Zu dem Begräbnis war, was man so sagt, der gesamte Adel der Umgegend erschienen. Es war wenig echte Teilnahme dabei, aber viel Neugierde. Die meisten waren wohl gekommen, um zu sehen, was der durchgefallene Heino Bergkem für ein Gesicht machen wird bei dem gänzlichen Zusammenbruch seines Hauses. Da war mir Dein lieber Brief eine rechte Stütze, ich trug meinen Kopf hoch und konnte auf alle mitleidigen Fragen nach meinen Zukunftsplänen eine den Hörern mißliebige Antwort geben. Ich träte als nationalökonomischer und juristischer Beirat in ein großes Berliner Bankhaus, gegen Gehalt und Tantième, und hoffte, in nicht allzu langer Zeit eine ausnehmend einträgliche Stellung zu haben. Darauf sagten sie: „Sieh mal an, was es in diesem Berlin doch für dolle Sachen gibt, und gratuliere herzlich“. Du aber, Peterlein, verzeih, wenn ich nicht ganz der Wahrheit gemäß meine Lehrlingsstellung in dem Hause Deines Oheims mit so hochtrabendem Titel bezeichnete. Nichts ist mir verhaßter als geheucheltes Mitleid, hinter dem sich die Schadenfreude birgt, und sollte ich vor diesen Menschen, über die ich mich mein Leben lang lustig gemacht hatte, wie ein Bettler dastehen? Da ersetzte ich also, wie es in dem alten Studentenspruche heißt, den mangelnden Sommerüberzieher durch eine schneidige Haltung und schnurrte sie ein wenig an.
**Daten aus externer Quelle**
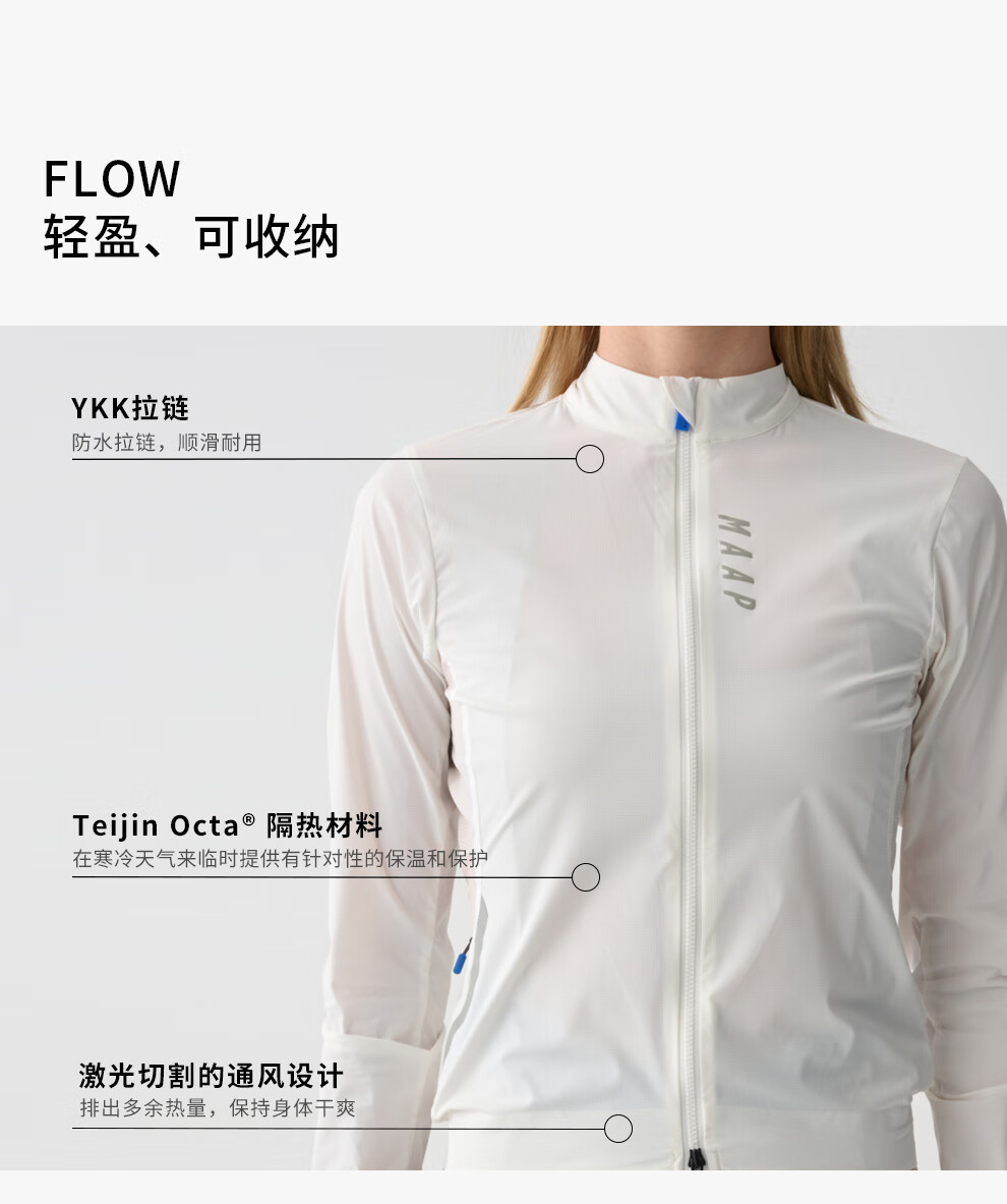 MAAP【新品】 女士Flow Jacket 自行车骑行服防风骑行风衣夹克 纯净白 纯净白 XS

Unter den Leidtragenden befand sich auch die Gräfinmutter aus Hellingenau mit ihrer Tochter. Der große Hanns war aus Dir ja bekannten Gründen ferngeblieben. Die Wunschmaid ist womöglich noch größer und stärker geworden, sah mich freundlich an und schüttelte mir fast den Arm aus dem Schultergelenk. Ich glaube, ich würde noch heute bei ihr eine günstige Aufnahme finden, wenn ich fragen wollte: „na, Hella, wie ist’s mit uns beiden?“ Aber mir fehlt zu der Rolle einer Art von Prinzgemahl jeder Beruf. Ich möchte mir mein bißchen Geld selbst verdienen, habe außerdem ein viel zu schönheitsdurstiges Auge für das, was alle Tage um mich sein soll bis an mein seliges Ende, und wenn ich die Mutter ansehe, schaudert’s mich. Aber auch die Wunschmaid liebt mich wohl nur aus proportionalen Gründen. Wenn sie einen Jüngling findet, der zu ihrer Länge ebenso gut paßt wie ich, wird sie sich trösten.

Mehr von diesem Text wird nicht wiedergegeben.